How to load ServerState.optimizer_state to continue training in Tensorflow Federated

202 Views Asked by At

Does TFF have any way to save and load optimizer state similar to model weights. For model weights there are ModelWeights.assign_weights_to() and tff.learning.state_with_new_model_weights() functions, Is there a way to save and load optimizer state especially when using server side optimizer other than SGD.

I could not find anything to save and load state of optimizer.

2

There are 2 best solutions below

0
On BEST ANSWER

This should be achievable with TFF's tff.simulation.FileCheckpointManager. In particular, the usage in Google Research's federated repo was originally written to support restarting from checkpoints when using learning rate scheduling and adaptive optimization on the server , an application for which correctly restoring the optimizer state is crucial.
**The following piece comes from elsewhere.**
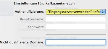 - Klicken Sie auf Weitere Optionen und wählen Sie als Authentifizierung Eingangsserver verwenden.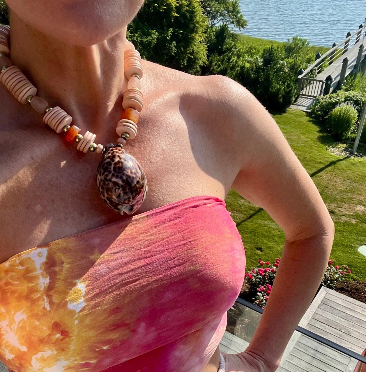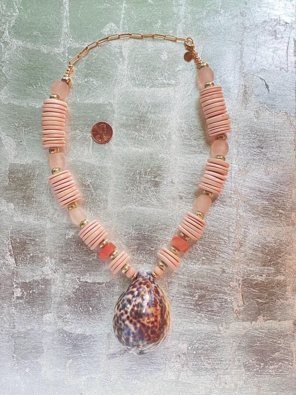 One of kind statement necklace, adjustable length. This has been a popular style in my shop, and you can find two, 5-star reviews for this style in my review section. Extra-large tiger cowrie shell suspended between beads of gold plate, brass, coconut shell, orange carnelian and recycled glass. Gold filled lobster claw clasp attaches to gold plated paperclip chain in the back allowing you to wear the necklace at multiple lengths between 18"- 22". The shell pendant is approx. 2" wide by 3" long.

As long as your tff.templates.IterativeProcess returns the appropriate optimizer state, simply using the FileCheckpointManager out of the box should just work.

0
On

Piggybacking off of Keith's answer: The checkpoint manager is no longer available in Google's federated research repository. It has been upstreamed to TFF (see it on GitHub here).

You can access it either through the tensorflow-federated-nightly pip package, or else by cloning the repository.

The code essentially delegates to tf.saved_model.save, so you could alternatively simply use this.